■ **Problem to solve**
Everything from the line that holds "PAD (Pâtes de" through the end of the listing below must be retyped word for word, without any pictures.

■ **Dataset extract**
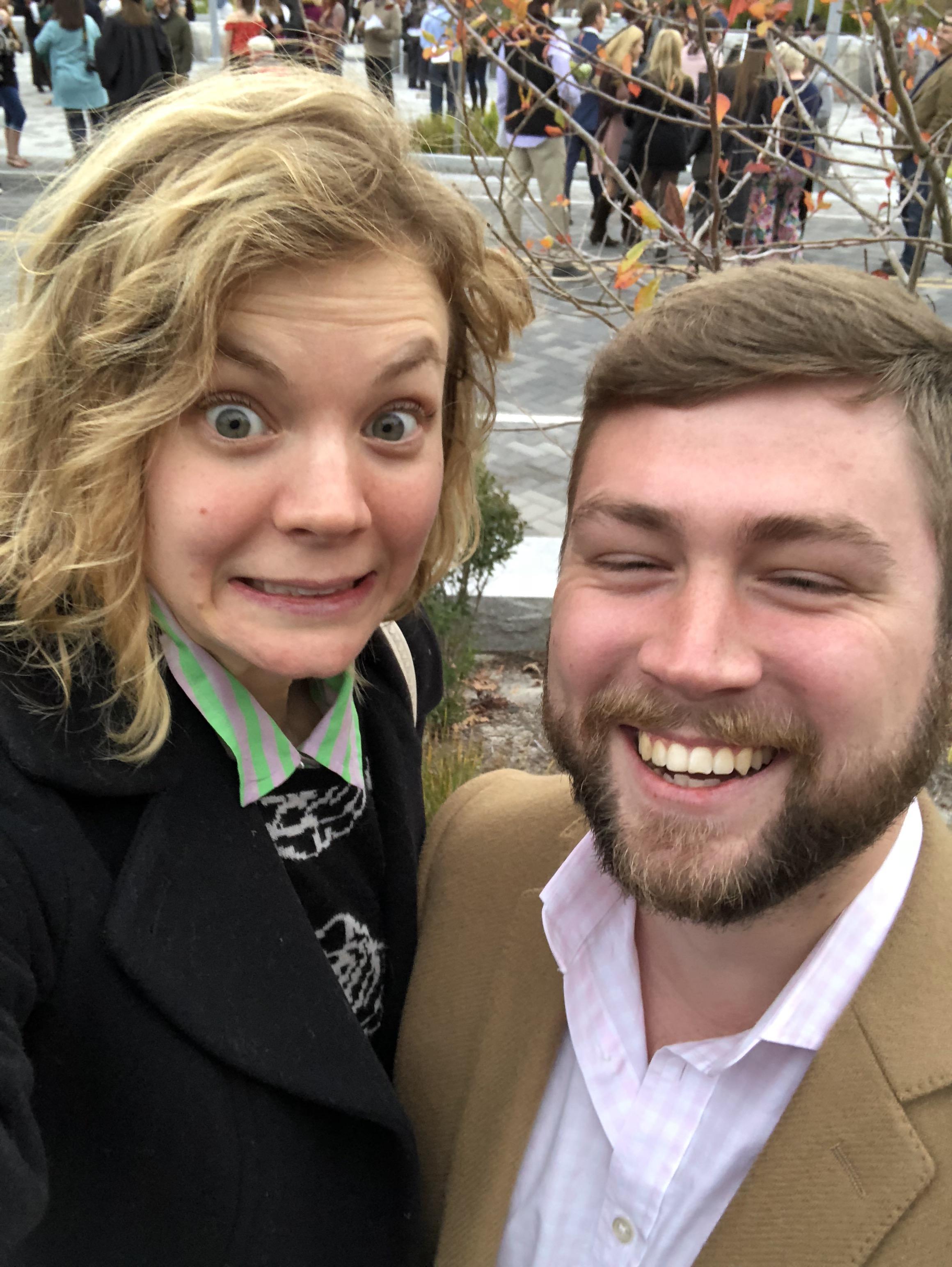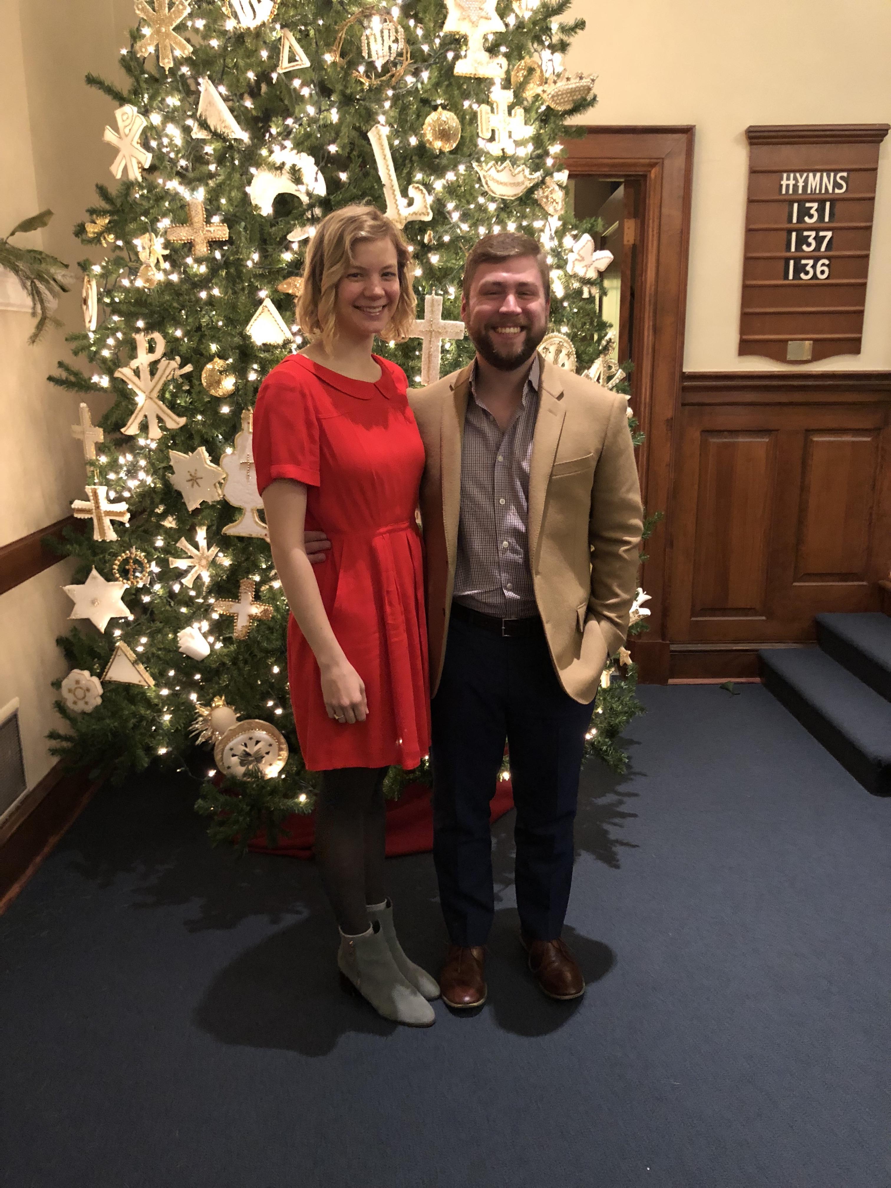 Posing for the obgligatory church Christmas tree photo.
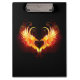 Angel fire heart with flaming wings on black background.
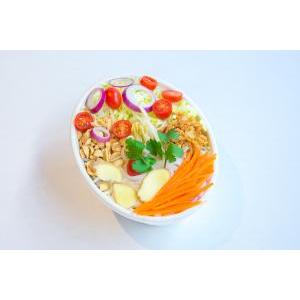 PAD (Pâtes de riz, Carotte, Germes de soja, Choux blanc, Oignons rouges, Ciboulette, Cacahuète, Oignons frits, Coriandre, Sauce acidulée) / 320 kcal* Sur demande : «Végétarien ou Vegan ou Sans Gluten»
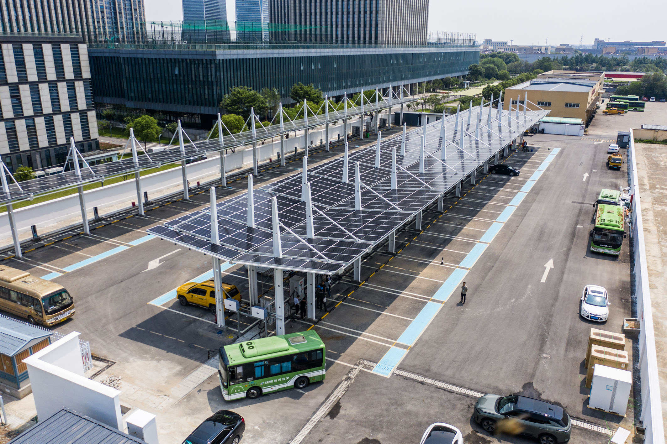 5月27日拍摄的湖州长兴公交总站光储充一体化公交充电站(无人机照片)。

■ **Expected answer**
 PAD (Pâtes de riz, Carotte, Germes de soja, Choux blanc, Oignons rouges, Ciboulette, Cacahuète, Oignons frits, Coriandre, Sauce acidulée) / 320 kcal* Sur demande : «Végétarien ou Vegan ou Sans Gluten»
 5月27日拍摄的湖州长兴公交总站光储充一体化公交充电站(无人机照片)。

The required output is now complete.